В феврале—марте 1942 года многие хотели уехать из Ленинграда любой ценой. Отправляли письма в тыл, чтобы их вызывали из Ленинграда как ценных специалистов, просили «похлопотать» за них в Москве, писали прошения «наверх», отмечая в них свои былые заслуги. «На Среднем проспекте… Ляля видела и списала объявление: “За эвакуацию из Ленинграда одного человека любым способом даю рояль Шредера”» — эта запись появилась в дневнике сотрудника музея города А.А. Черновского 5 марта 1942 года{493}.
Были также и группы населения, которые вывозились из Ленинграда только в принудительном порядке. Это прежде всего заключенные — с 22 января по 15 апреля 1942 года эвакуировали 1150 человек. 17—18 марта 1942 года из города было отправлено пять эшелонов, в которых находилось 6888 финнов и немцев{494}. Везли их в основном в Омскую область и Красноярский край. Такие переселения тогда не были в новинку. Оправдывали их условиями войны и недопустимостью формирования «пятой колонны» рядом с театром боевых действий. В дороге такие переселенцы должны были питаться по нормам, установленным военным советом Ленинградского фронта для одного человека в день: 150 граммов хлеба, 30 граммов мяса, 35 граммов крупы, 20 граммов муки{495} — это было меньше даже норм «иждивенцев».
Высылали всех без разбора, и лояльных, и «подозрительных». Среди них оказался и отец Ольги Берггольц, заведовавший больницей на окраине города Федор Христофорович Берггольц, много сделавший для спасения ленинградцев в «смертное время». Опасаясь, что немцы и финны «разбегутся», операцию провели в кратчайшее время. Эвакуированным пришлось бросать свое имущество или, в лучшем случае, продавать его за бесценок, и, конечно, нашлись люди, которые не постеснялись воспользоваться этим.
Была установлена норма (30 килограммов из расчета на одного человека) перевозимой в поездах и машинах домашней поклажи, но ее мало кто соблюдал. Обычно брали с собой самые необходимые или ценные вещи. А.П. Бондаренко рассказывала, что ее семья, жившая бедно, взяла с собой только швейную машинку — она их спасла от голода в чужих местах, поскольку мать умела хорошо шить{496}. Везти вещи во время второй эвакуации (январь—апрель 1942 года) приходилось чаще всего на санках, и их было тяжело тащить изможденному человеку. В кадрах кинохроники, запечатлевшей осажденный Ленинград, хорошо видны эти поставленные друг на друга мешки, коробки и чемоданы, способные опрокинуться на каждом крутом ухабе.

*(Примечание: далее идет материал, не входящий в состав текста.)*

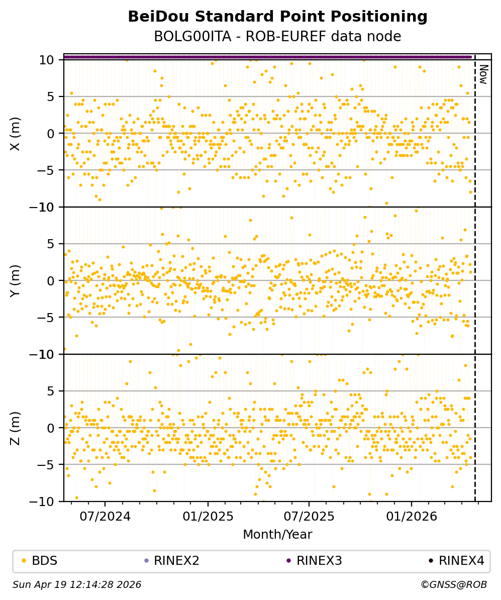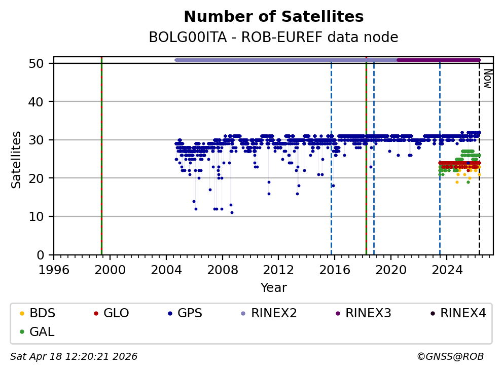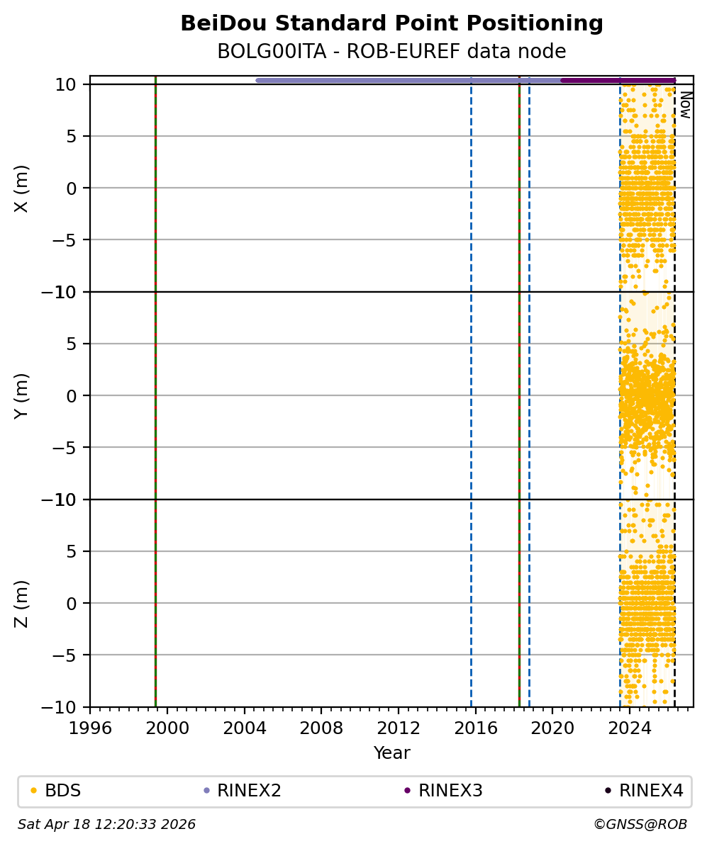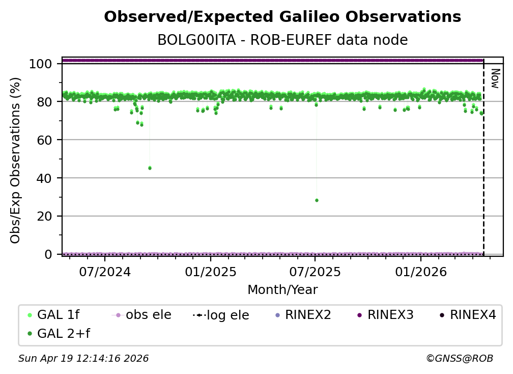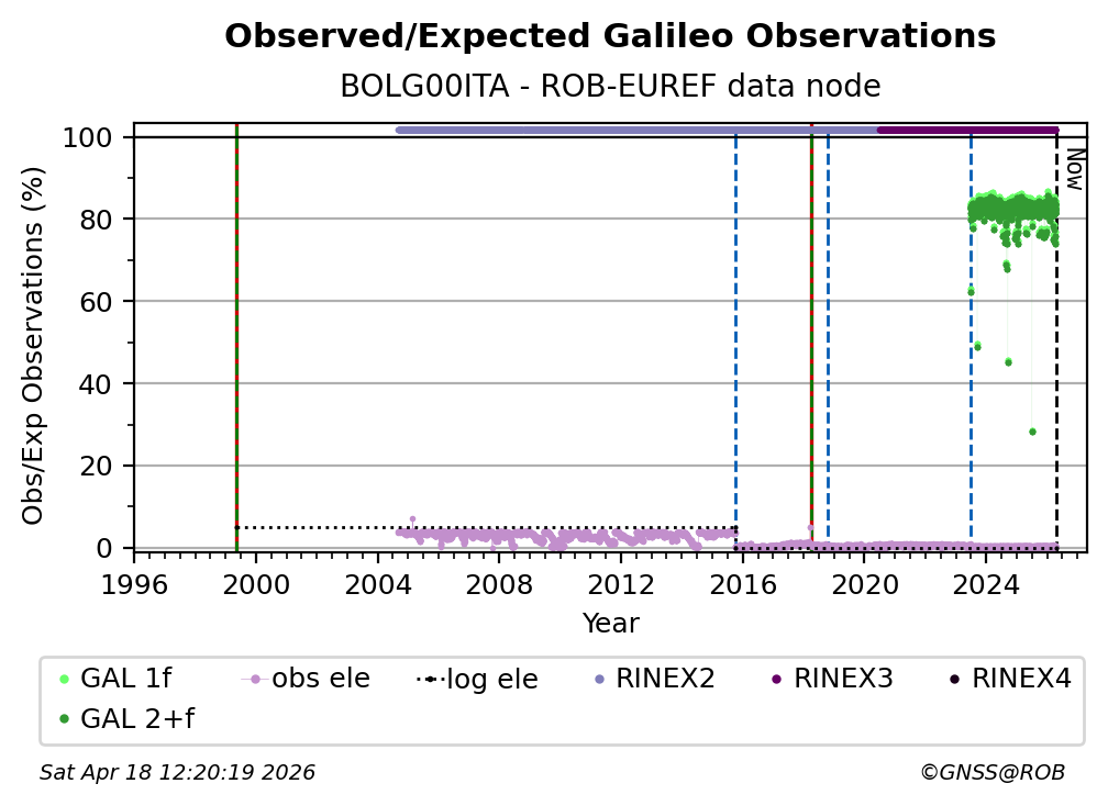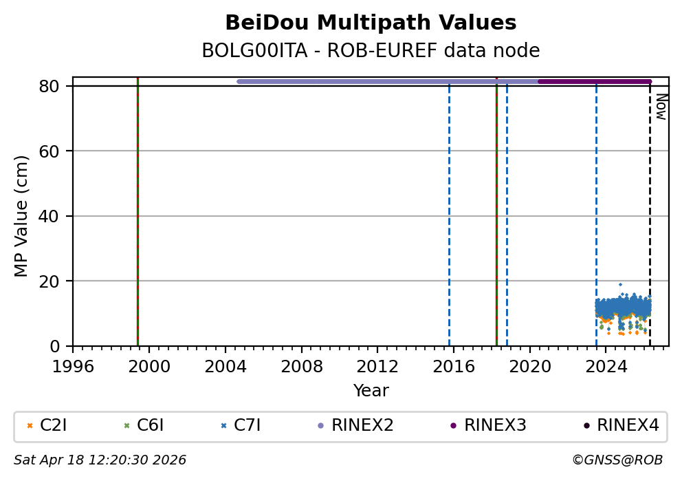 The plots below present the long-term tracking performance of the EPOS-GNSS station BOLG00ITA based on the daily RINEX data available from the ROB-EUREF EPOS-GNSS data node. The data quality metrics have been computed at the data node using the G-Nut/Anubis software.
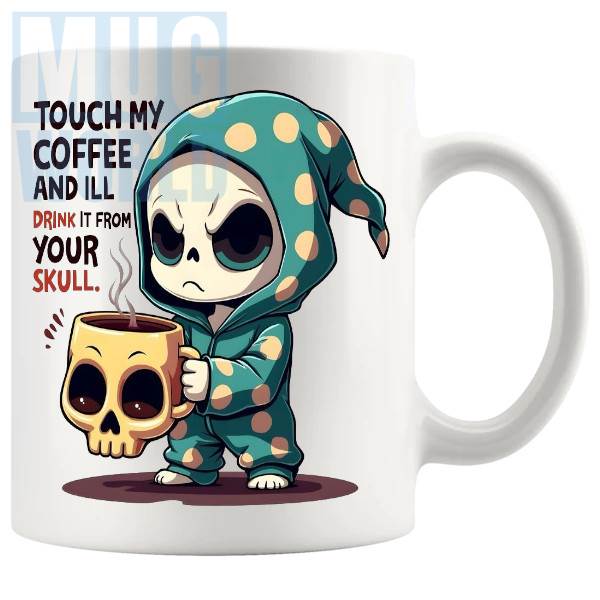 Our novelty mug design, Touch My Coffee And I’ll Drink It From Your Skull, is the perfect gift for anyone who loves their coffee! Let them know just how much you care, with a gift they will use every day!
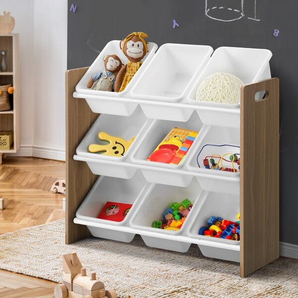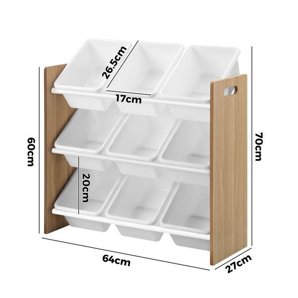 Kids Toy Box Organiser 9 Bins Storage Rack Natural White
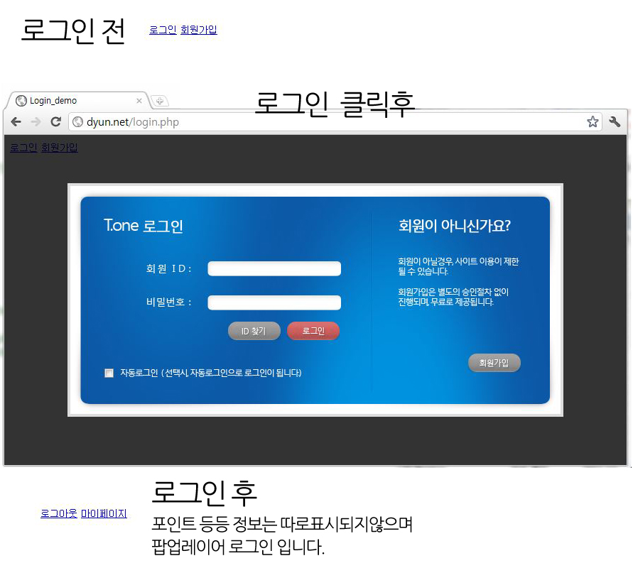 로그인버튼외에 포인트정보 쪽지 등의 정보는 표시되지 않습니다.
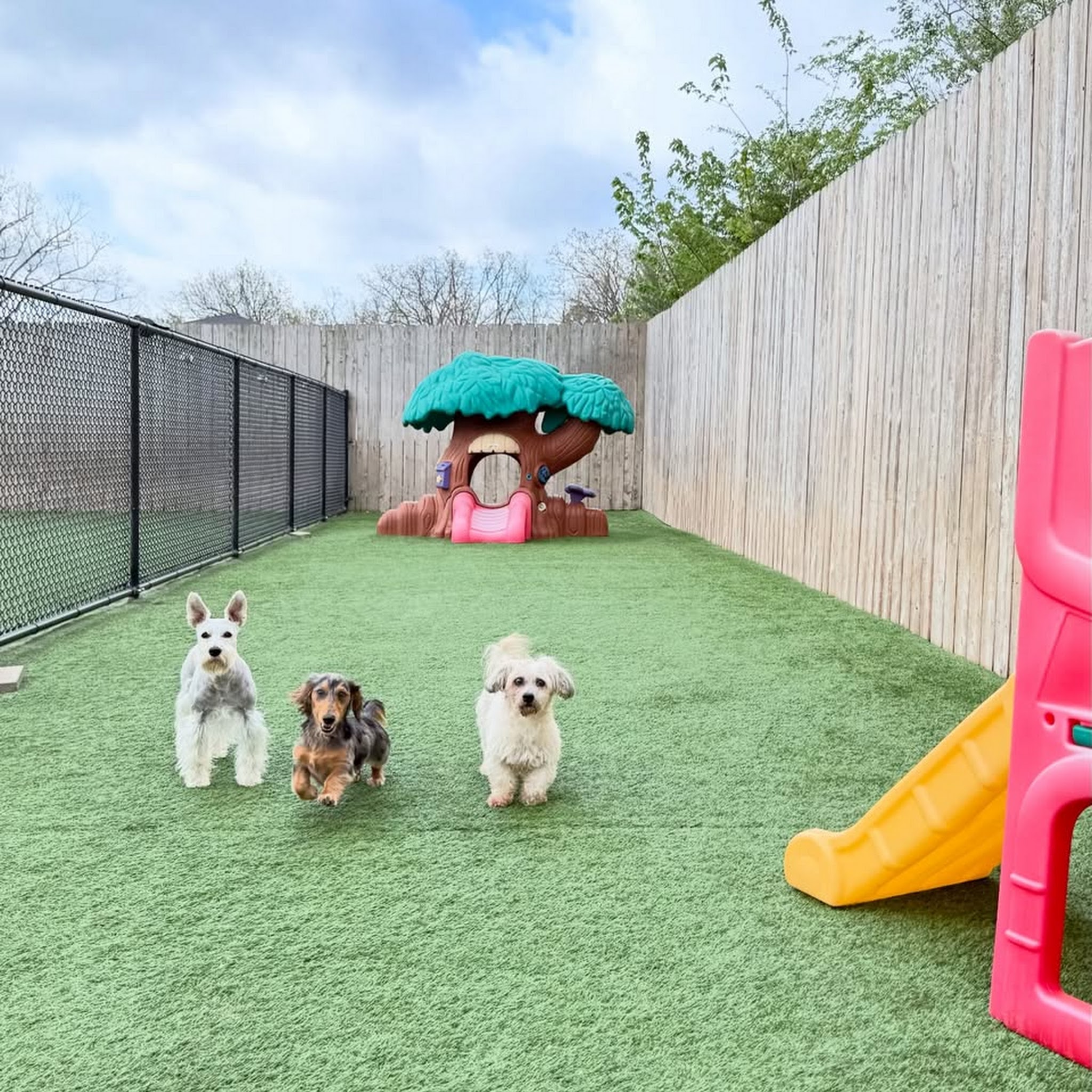 Great Staff, smiles, easy to ask questions of, efficient. In/out at drop off/pickup. Our babies Bandit and Jett were so happy and slept all night. They must have had a great time. … More

Вместе с имуществом приходилось нередко везти на санках до вокзала и лежачих родных, следя поминутно за тем, чтобы они не выпали из санок Машинами до вокзала разрешалось довозить только детдомовских детей, «ремесленников» и тех, ко причислялся к научной и художественной элите города. Таковых оказалось 62 500 человек{497}. Все остальные должны были идти пешком. Конечно, многое обусловливалось конкретной ситуацией, наличием связей или средств. Журналист А.Я. Блатин, боясь опоздать на самолет в декабре 1941 года, смог выхлопотать для себя в обкоме комсомола даже отдельный автомобиль — но это можно рассматривать и как плату за яркие и оптимистические статьи о том, как преодолевали трудности простые ленинградцы, опубликованные в редактируемой им газете. Артист Ф.А. Грязнов рассказывал, как за перевозку через Литейный мост домашнего скарба «наняли за 500 грамм проезжавшего мимо ломового, сели сами, а сани приторочили к его саням»{498}. Но едва ли мог последовать его примеру голодный ленинградец, который точно бы поскупился отдать 0,5 килограмма хлеба за переезд моста.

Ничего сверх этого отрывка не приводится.